All that is in Him was in Him first, in order that it might be in us. And this is the important point: it can only be in us by virtue of our union with Him. That union He describes under the vivid and forcible metaphor of eating His flesh, and drinking His blood. “He that eateth My flesh, and drinketh My blood, hath life eternal.” His flesh and blood—a common Jewish phrase for human nature—is precisely that common nature which He assumed, in which He died to sin, which He raised from the dead and exalted to the Right Hand of God, and which He imparts to us, by His Spirit given to dwell in us for evermore.
The doctrine of the Atonement is incomplete, it is irrational, until it is completed by the doctrine of the Spirit, the Giver of Life. As He is the source of life in all living organisms, so He is in Christians the source of the Christ-life. He comes to dwell in us, not simply as the Spirit, but as the Spirit of Christ—the Spirit Who first created, and then “descended” to abide in the Perfect Manhood. That gift of the Spirit of Christ as the indwelling source of the life of Christ, and the means of the Presence of Christ in us, is the characteristic gift of the New Dispensation. It is His work to make us ever more and more partakers of Christ, to be perpetually feeding us with His flesh and blood.
And, as we are about to speak of the Holy Communion, it is well to insist first on this, that the work of the Spirit in there feeding us with the flesh and blood of the Son of man is a continuous process. It is of the very essence of what is meant by being a Christian. “If any man have not the Spirit of Christ, he is none of His.” The sixth chapter of St. John’s Gospel is not a mere prediction of the Eucharist. It is the revelation of that principle of which the Eucharist is an illustration. Our Communions are the supreme moments, the crises, in a process which is for ever going on, the feeding of us, by the Spirit, with the flesh and blood, the holy and victorious manhood, of the Redeemer.
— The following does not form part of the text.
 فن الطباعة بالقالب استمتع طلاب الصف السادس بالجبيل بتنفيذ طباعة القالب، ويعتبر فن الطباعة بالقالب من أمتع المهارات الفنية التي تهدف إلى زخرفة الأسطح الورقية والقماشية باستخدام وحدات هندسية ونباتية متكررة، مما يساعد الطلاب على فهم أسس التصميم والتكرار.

What relation, then, can this spiritual process have to the material substances, to the bread and wine which are used in the Eucharist? This question at once opens out into the larger one, as to the relation between matter and spirit. Now, that question could not be dealt with at all satisfactorily without undertaking a vastly larger task than we are prepared for at the present moment. We should have to ask, What is, after all, meant by “matter,” and what by “spirit”?
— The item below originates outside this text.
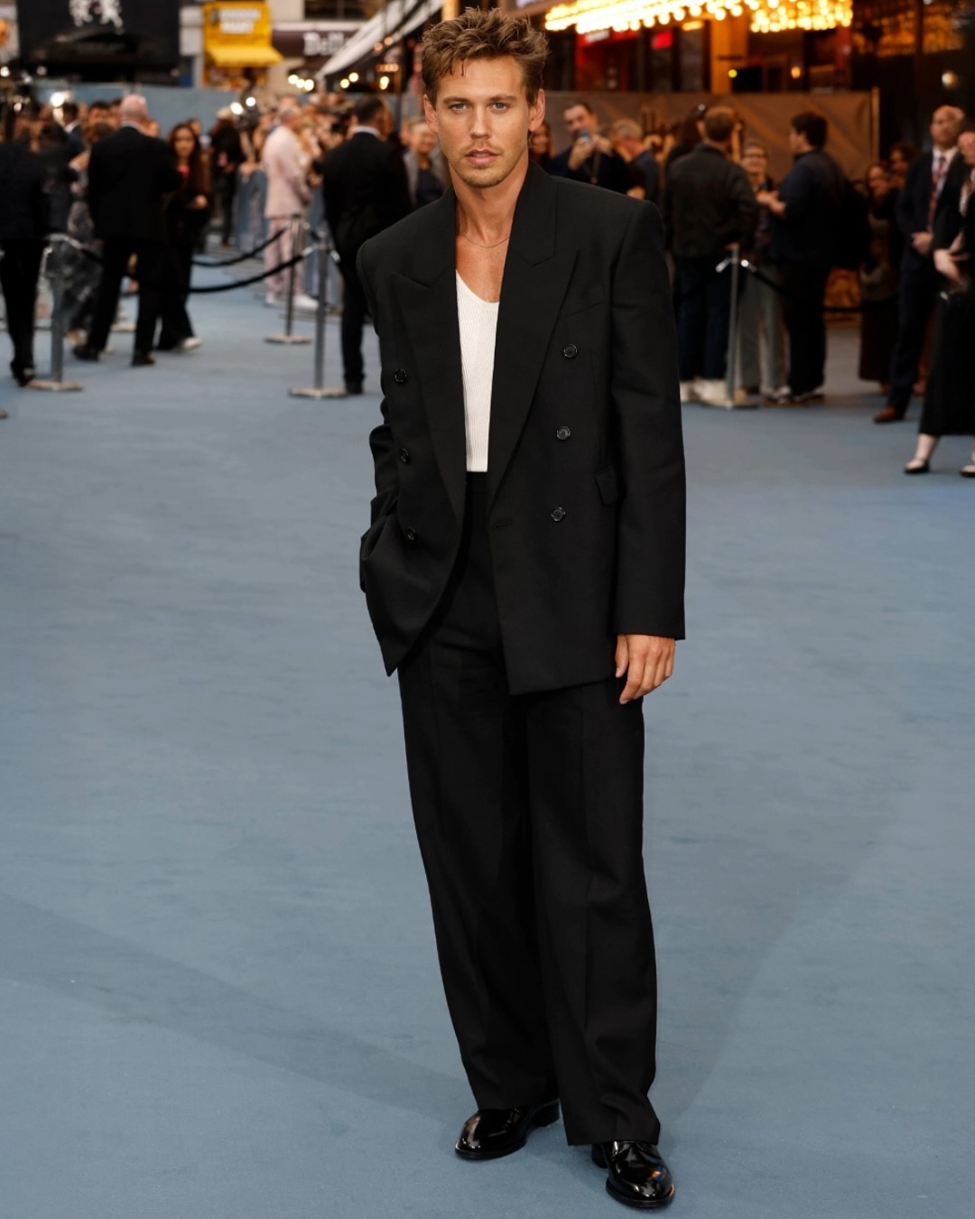 في المقابل، اتجه Butler نحو الطابع الكلاسيكي بلمسة شبابية، حيث ظهر بقميص بفتحة عميقة مع بنطال منخفض الخصر وسترة double-breasted، إلى جانب أحذية Oxford سوداء، جميعها من Saint Laurent. إطلالة تمنح مزيجًا من الأناقة الخالدة مع لمسة عصرية جريئة.

But something may be achieved on a much humbler scale. It will suffice for our present purpose to concentrate our attention on a remarkable fact which seems to underlie all our experience. And we will approach the statement of this fact by first recalling the familiar definition of a sacrament, which fastens upon the union of the outward and visible with the inward and invisible as being the essence of what is meant by a sacrament. Now, the fact we have in view is this: every outward object in the world is, in this respect, a sacrament. What we seem to see is everywhere spirit working through what we call “material” objects. That sacramental principle of the universe is the very principle which underlies our Lord’s parables of Nature. Speaking more accurately, we see in “matter” (1) the means of the self-revelation of spirit; (2) the instrument by which spirit acts.
The human organism may serve as a type of this.
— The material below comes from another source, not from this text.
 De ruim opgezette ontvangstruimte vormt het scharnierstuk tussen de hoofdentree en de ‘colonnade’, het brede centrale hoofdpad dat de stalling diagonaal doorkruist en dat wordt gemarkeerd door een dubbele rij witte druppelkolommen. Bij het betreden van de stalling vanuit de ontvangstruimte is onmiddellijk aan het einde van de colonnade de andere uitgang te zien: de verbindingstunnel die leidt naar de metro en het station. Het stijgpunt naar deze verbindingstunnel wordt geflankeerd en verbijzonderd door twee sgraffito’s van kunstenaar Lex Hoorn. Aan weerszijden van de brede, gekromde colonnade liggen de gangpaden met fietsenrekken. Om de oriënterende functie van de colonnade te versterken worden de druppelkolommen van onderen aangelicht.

Here is a spiritual being, the Ego, in its will, its thoughts, its affections, invisible, and it makes its presence manifest, and it acts, through the material manifestation and instrument of itself, the body. To believers in God, nature itself, in its deepest reality, is the revelation of the Divine Presence, and the instrument of the Divine action. A beautiful sunset is a veritable and genuine sacrament. In the light of this profound truth, of matter as the manifestation and instrument of spirit, we are enabled to see how futile was the ancient dispute concerning the number of the Sacraments. In view of the fuller and larger knowledge which has come to us, this, like so many other objects of theological strife, ought before this to have been consigned to the limbo of forgotten controversies.